## MATERIAL PROVIDED:
————

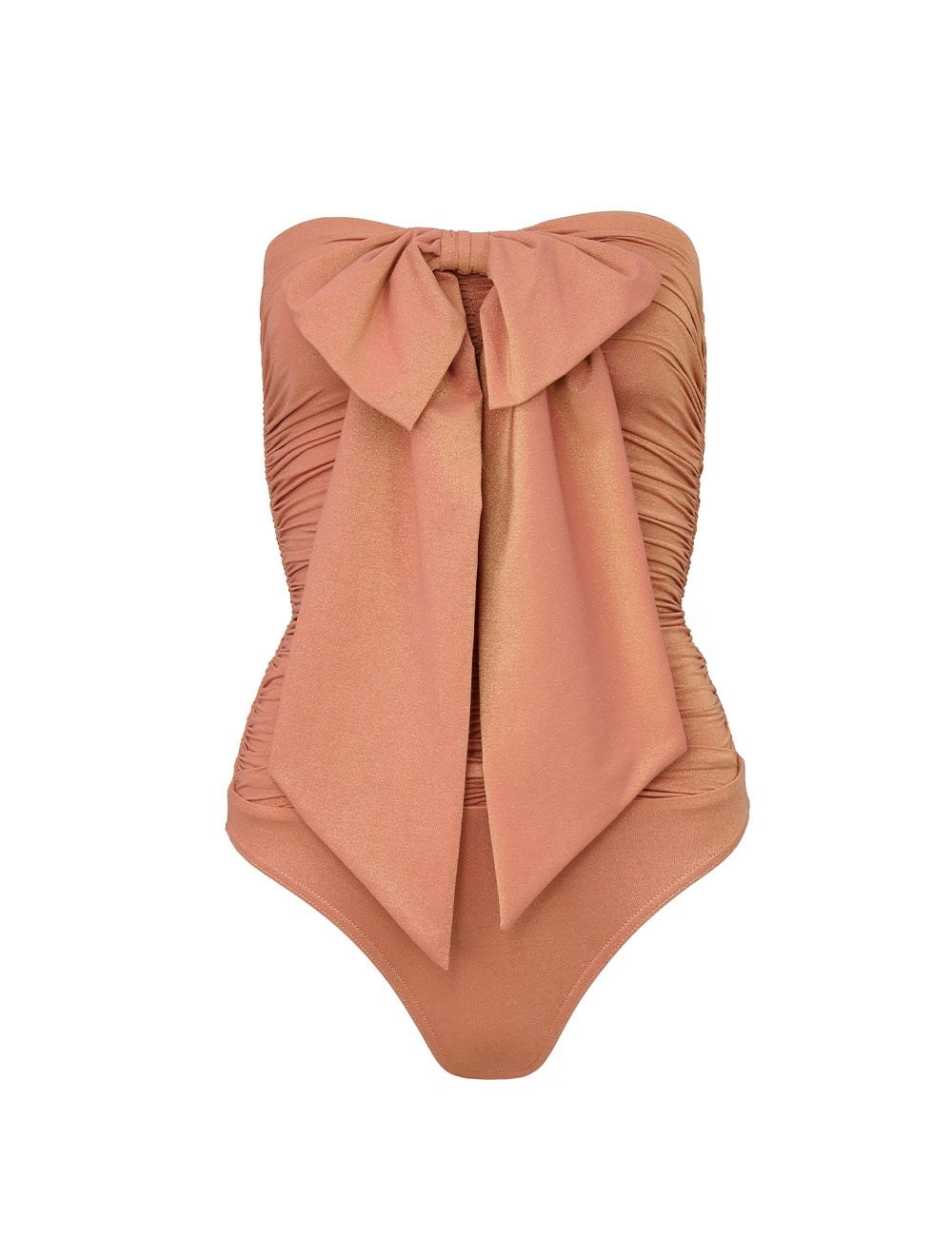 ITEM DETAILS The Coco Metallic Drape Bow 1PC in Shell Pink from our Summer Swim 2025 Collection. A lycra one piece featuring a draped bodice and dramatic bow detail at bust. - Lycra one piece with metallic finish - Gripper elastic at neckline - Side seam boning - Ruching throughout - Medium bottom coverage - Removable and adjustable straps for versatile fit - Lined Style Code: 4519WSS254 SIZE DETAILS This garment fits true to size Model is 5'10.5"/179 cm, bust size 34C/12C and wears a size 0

————

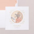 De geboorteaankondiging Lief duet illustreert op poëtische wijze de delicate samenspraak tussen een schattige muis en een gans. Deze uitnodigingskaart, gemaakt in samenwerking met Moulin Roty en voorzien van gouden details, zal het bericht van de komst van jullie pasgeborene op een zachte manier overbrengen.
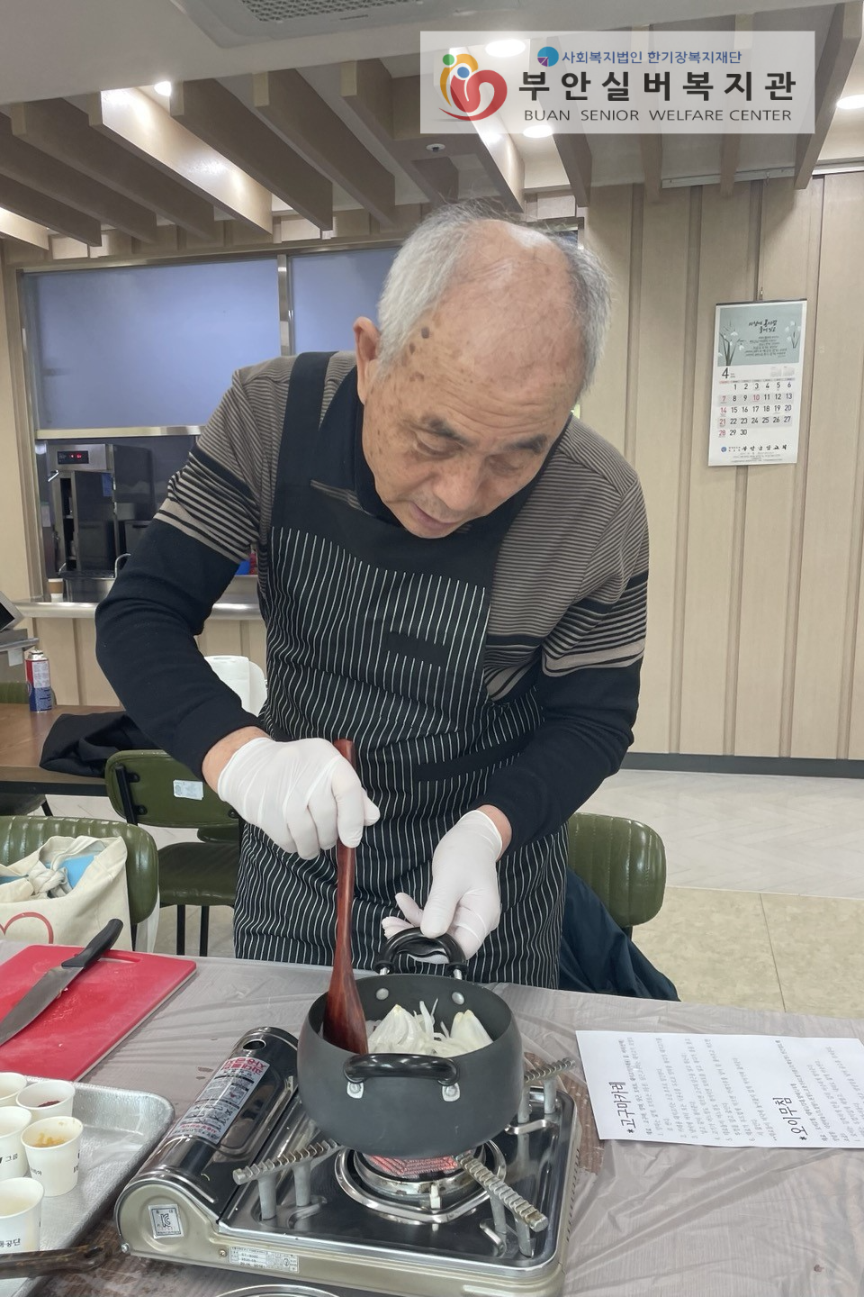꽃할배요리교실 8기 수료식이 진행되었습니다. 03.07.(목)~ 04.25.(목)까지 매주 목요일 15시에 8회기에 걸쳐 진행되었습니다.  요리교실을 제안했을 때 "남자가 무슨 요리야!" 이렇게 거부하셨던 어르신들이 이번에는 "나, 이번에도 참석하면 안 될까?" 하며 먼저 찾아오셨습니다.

————

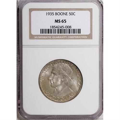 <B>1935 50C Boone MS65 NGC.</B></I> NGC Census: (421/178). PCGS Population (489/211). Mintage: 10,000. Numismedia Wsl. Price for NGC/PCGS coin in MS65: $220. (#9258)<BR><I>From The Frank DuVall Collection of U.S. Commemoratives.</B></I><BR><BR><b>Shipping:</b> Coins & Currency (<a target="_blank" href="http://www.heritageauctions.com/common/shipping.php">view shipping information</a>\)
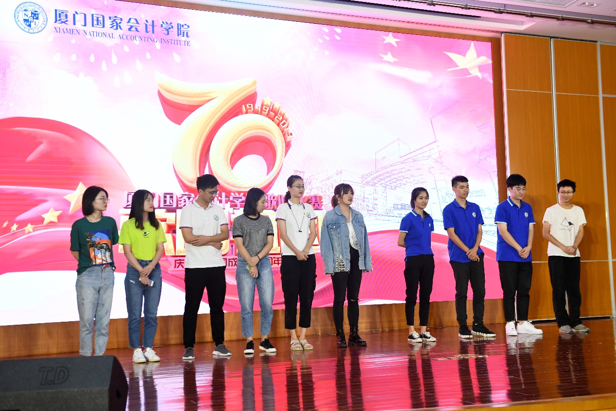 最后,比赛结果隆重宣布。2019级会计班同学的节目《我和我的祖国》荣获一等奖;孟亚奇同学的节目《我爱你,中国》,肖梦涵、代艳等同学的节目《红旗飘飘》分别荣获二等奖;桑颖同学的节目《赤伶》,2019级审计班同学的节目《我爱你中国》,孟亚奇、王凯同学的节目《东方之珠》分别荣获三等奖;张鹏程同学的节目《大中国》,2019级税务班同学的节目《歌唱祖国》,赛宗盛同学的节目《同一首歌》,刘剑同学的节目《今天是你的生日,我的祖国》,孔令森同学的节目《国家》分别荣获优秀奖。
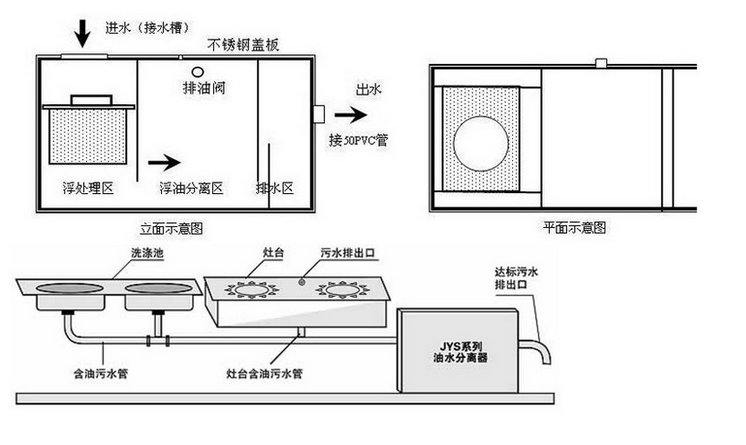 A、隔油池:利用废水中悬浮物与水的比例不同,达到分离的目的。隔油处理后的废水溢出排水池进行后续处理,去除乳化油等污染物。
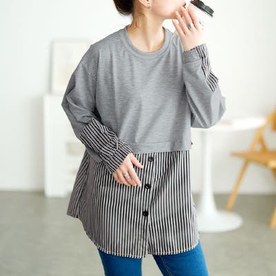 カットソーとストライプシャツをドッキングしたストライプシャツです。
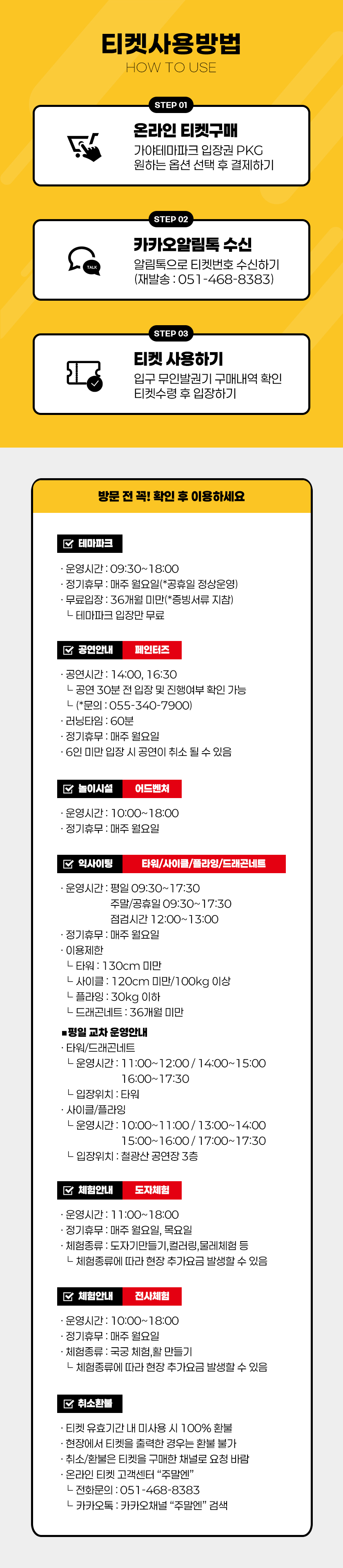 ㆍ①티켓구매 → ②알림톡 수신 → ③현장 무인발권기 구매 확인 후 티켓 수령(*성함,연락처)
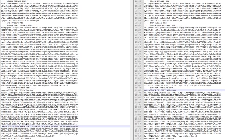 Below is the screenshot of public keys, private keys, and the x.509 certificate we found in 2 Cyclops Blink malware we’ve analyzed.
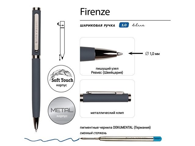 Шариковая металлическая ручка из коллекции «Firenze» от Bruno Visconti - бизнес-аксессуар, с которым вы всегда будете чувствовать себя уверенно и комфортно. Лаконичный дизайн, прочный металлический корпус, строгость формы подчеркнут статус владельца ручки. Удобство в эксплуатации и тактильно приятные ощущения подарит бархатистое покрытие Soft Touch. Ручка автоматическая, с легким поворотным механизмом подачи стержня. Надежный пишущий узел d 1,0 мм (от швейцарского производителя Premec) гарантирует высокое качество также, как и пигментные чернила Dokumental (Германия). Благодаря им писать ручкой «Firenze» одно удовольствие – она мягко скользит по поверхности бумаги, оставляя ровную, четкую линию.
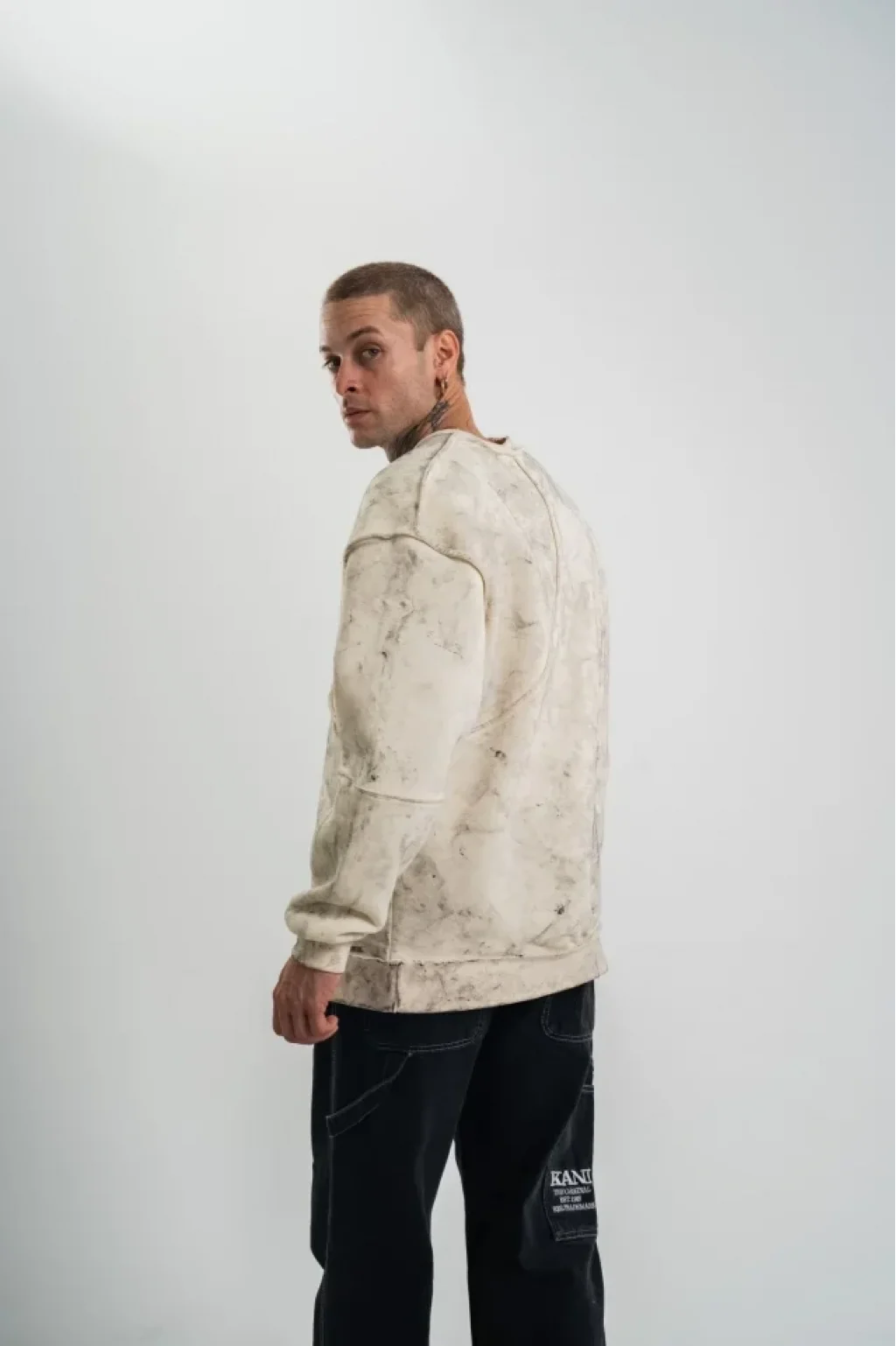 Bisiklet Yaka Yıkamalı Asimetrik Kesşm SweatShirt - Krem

————

## YOUR INSTRUCTIONS:
Would you transcribe the lines above exactly, going from the line bearing "Below is the" through the line bearing "Bisiklet Yaka Yıkamalı", and drop the pictures from the copy?

## RESULT OF THIS EXERCISE:
 Below is the screenshot of public keys, private keys, and the x.509 certificate we found in 2 Cyclops Blink malware we’ve analyzed.
 Шариковая металлическая ручка из коллекции «Firenze» от Bruno Visconti - бизнес-аксессуар, с которым вы всегда будете чувствовать себя уверенно и комфортно. Лаконичный дизайн, прочный металлический корпус, строгость формы подчеркнут статус владельца ручки. Удобство в эксплуатации и тактильно приятные ощущения подарит бархатистое покрытие Soft Touch. Ручка автоматическая, с легким поворотным механизмом подачи стержня. Надежный пишущий узел d 1,0 мм (от швейцарского производителя Premec) гарантирует высокое качество также, как и пигментные чернила Dokumental (Германия). Благодаря им писать ручкой «Firenze» одно удовольствие – она мягко скользит по поверхности бумаги, оставляя ровную, четкую линию.
 Bisiklet Yaka Yıkamalı Asimetrik Kesşm SweatShirt - Krem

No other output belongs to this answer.